On the health care front, Alexian Brothers received final approval to issue up to $150 million to refund $70 million of bonds from a 2005 issue and to raise $50 million to finance a modernization of its St. Alexius Medical Center in Hoffman Estates, outside of Chicago.
This spring the system intends to issue fixed-rate bonds secured by an interest in all accounts, a mortgage, and debt service reserve. The shift on the refunding piece allows the system to drop a standby letter of credit.
Alexian Brothers is rated A by Fitch Ratings and A3 by Moody’s. Bank of America Merrill Lynch will be underwriter. Kaufman Hall & Associates is financial adviser. Jones Day is bond counsel.
The system — sponsored by the Congregation of Alexian Brothers, Immaculate Conception Province, and a Roman Catholic religious institute — operates three hospitals in Elk Grove and Hoffman Estates along with life-care centers and nursing homes in Missouri, Tennessee, and Wisconsin. The Alexian Brothers launched their ministry in the United States in 1866 when they opened an eight-bed hospital in Chicago that was destroyed in the Great Chicago Fire of 1871.

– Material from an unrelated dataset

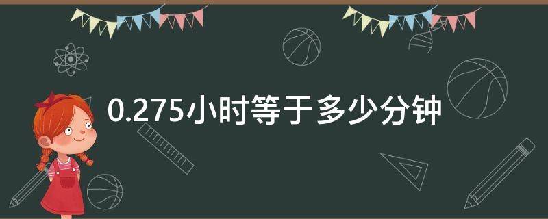 0.275小时等于16.5分钟。时间是物质的永恒运动、变化的持续性、顺序性的表现,包含时刻和时段两个概念。时间是人类用以描述物质运动过程或事件发生过程的一个参数,确定时间,是靠不受外界影响的物质周期变化的规律。以地球自转为基础的时间计量系统称为世界时系统。时、日、月、年、世纪的时间计量属天文学中的历法范畴。时间是物理学中的七个基本物理量之一,符号为t。在国际单位制(SI)中,时间的基本单位是秒,符号为s。

The 436-bed Palos Community Hospital, which serves Chicago’s south suburbs, received final approval to sell up to $305 million of bonds to finance construction of a new bed tower and other improvements. The hospital expects to issue just $175 million and privately place another $100 million to fund construction.
Palos opened in 1972 with 265 beds but has since grown due to population demands, “with major building additions and modernizations in 1975, 1978, 1992, 1995, 2006, and 2009,” according to IFA documents.
Goldman, Sachs & Co. and Cabrera Capital Markets are underwriters. Jones Day is bond counsel. The hospital is not currently rated but is expected to seek ratings, and the IFA indicated a rating in the high single-A category is expected.
Gov. Quinn also recently designated the IFA as issuer on $40 million of Midwest disaster-relief bonds.